---- Given information

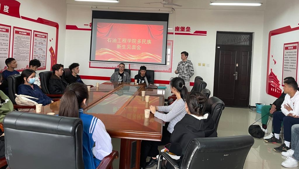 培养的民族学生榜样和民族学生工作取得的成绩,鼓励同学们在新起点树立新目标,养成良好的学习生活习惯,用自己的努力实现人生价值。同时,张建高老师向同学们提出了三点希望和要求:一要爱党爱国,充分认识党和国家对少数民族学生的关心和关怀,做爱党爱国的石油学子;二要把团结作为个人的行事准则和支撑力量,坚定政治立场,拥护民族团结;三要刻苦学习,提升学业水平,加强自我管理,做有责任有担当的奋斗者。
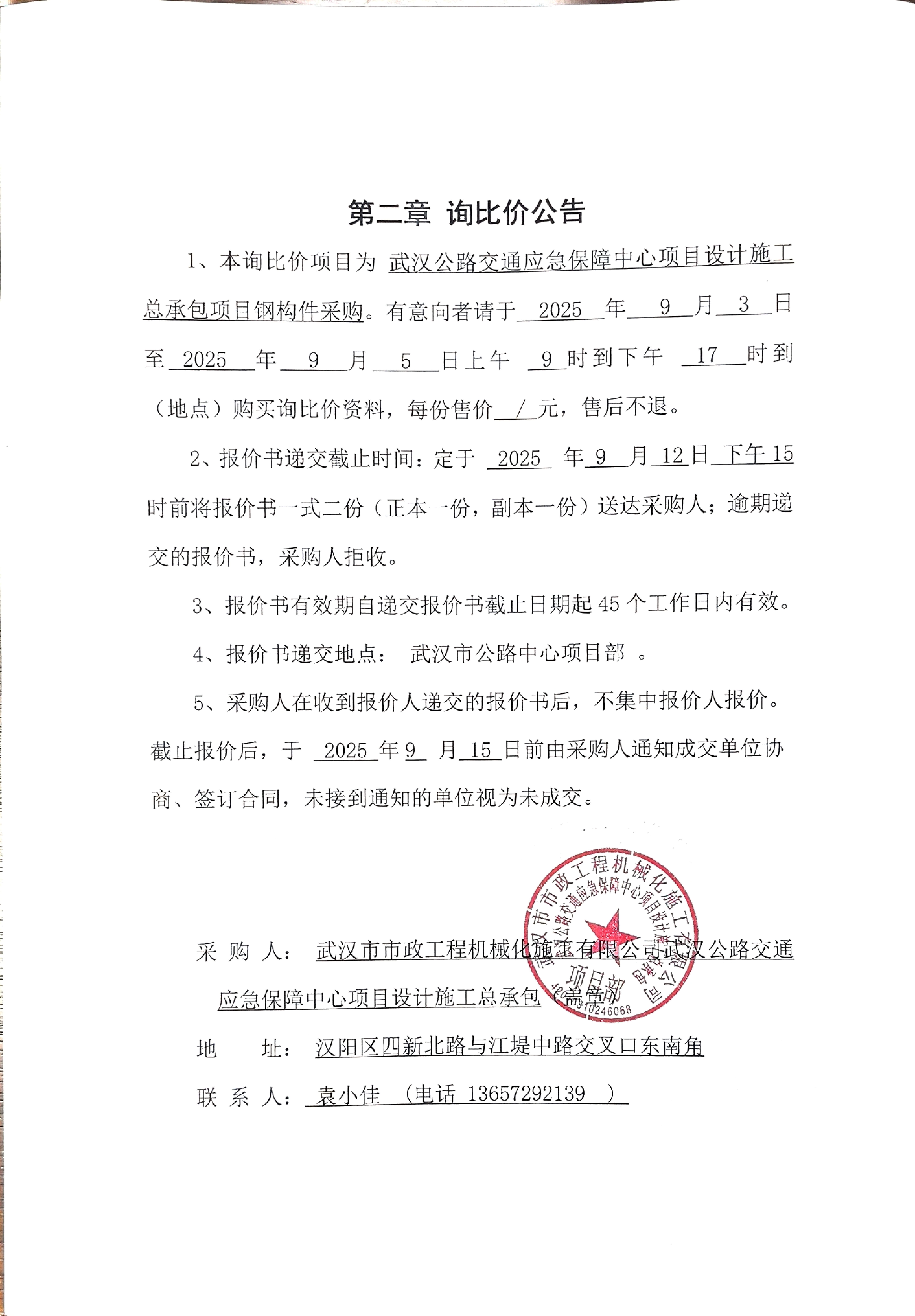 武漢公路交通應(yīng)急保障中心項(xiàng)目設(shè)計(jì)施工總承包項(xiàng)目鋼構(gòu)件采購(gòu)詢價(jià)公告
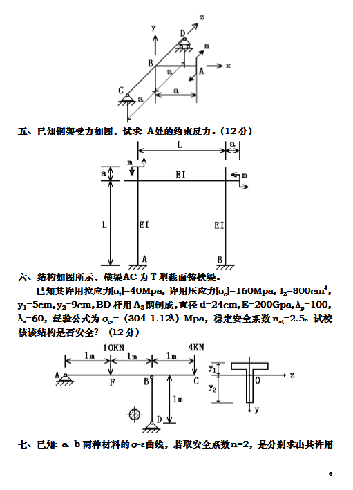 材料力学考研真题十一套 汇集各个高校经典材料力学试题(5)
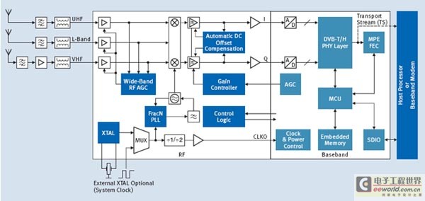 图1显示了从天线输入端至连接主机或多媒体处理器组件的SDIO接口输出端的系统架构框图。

--------

## Problem details
With the pictures left out, return the listing above exactly as it stands.

## Written response
 培养的民族学生榜样和民族学生工作取得的成绩,鼓励同学们在新起点树立新目标,养成良好的学习生活习惯,用自己的努力实现人生价值。同时,张建高老师向同学们提出了三点希望和要求:一要爱党爱国,充分认识党和国家对少数民族学生的关心和关怀,做爱党爱国的石油学子;二要把团结作为个人的行事准则和支撑力量,坚定政治立场,拥护民族团结;三要刻苦学习,提升学业水平,加强自我管理,做有责任有担当的奋斗者。
 武漢公路交通應(yīng)急保障中心項(xiàng)目設(shè)計(jì)施工總承包項(xiàng)目鋼構(gòu)件采購(gòu)詢價(jià)公告
 材料力学考研真题十一套 汇集各个高校经典材料力学试题(5)
 图1显示了从天线输入端至连接主机或多媒体处理器组件的SDIO接口输出端的系统架构框图。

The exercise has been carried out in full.